Cooler Master provide a Retention Module, similar to the stock black plastic one on most P4 motherboards, but it also has A64 mounting lugs and holes for A64 motherboards. This turned out to be a common theme across most of the coolers in this roundup. On S478 boards they generally use the stock RM. On LGA775 or AMD motherboards, they install something very similar to a S478 RM and mount onto that. The issue with the Cooler Master RM is that the A64 lugs are fouled by some components near the top edge of the IC7, above the CPU socket. It would be possible to install their RM, but it would put a lot of pressure on those components - more than I'm comfortable with. On the Gigabyte board it slightly pressures some components, but only a little. It fits fine on the PowerColor board. The lower parts of the metal radiator shroud may be an issue on some boards also - it seems sheer coincidence that a tall capacitor on the Abit board fits between the shroud and a heatpipe. One centimeter to the side and the capacitor would be pressured by the shroud.

An examination of Cooler Master's RM reveals it to be essentially identical to the stock RM, with two exceptions. Firstly, it allows for mounting on A64 motherboards, which doesn't affect our testing. Secondly, it is intended to be screwed onto a provided metal backplate for extra motherboard/socket support, to stop the mass of the Hyper 6 literally pulling the stock RM off the motherboard. The good news is that the mounting holes are the same, so for the purposes of testing I used the stock RM with the provided backplate and mounting screws. I'm confident this provides exactly the same level of mounting security, CPU clamping pressure and cooling performance as using Cooler Master's RM as per their instructions.

Click to Enlarge   Click to Enlarge

Speaking of clamping pressure, you need to use a surprising amount of force to get the Hyper 6 clips onto the RM. Once there, I have to say I'm not super-confident that the heatsink wouldn't come loose if the PC was banged around. It seems the clips could slip off the side of the heatsink, allowing it to spring free. It should be fine sitting on your desk, but the thought of this monster heatsink dropping onto your video card and rattling around inside your case on the way to a LAN party is terrifying. In fact, at the PC Show, the Cooler Master representative agreed that unmounting the cooler would be a very good idea before transporting the PC. Given the fiddliness of the install, this could be annoying if you regularly move your PC around.

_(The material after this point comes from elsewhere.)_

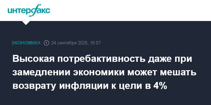Москва. 24 сентября. INTERFAX.RU - Сохранение высокой потребительской активности даже при замедлении темпов роста экономики может мешать возвращению инфляции к цели в 4%, говорится в резюме обсуждения ключевой ставки ЦБ РФ по итогам сентябрьского заседания совета директоров.

Depending on the orientation of your motherboard socket, there may be little to no airflow around your northbridge cooler and the back of your video card with the Hyper 6. This was definitely the case on our IC7 testbed. Of course, mounted in a PC case you will have some airflow, but having the northbridge tucked away in a stagnant hotspot between the back of your video card and your CPU cooler can affect your ability to push for high FSB overclocks.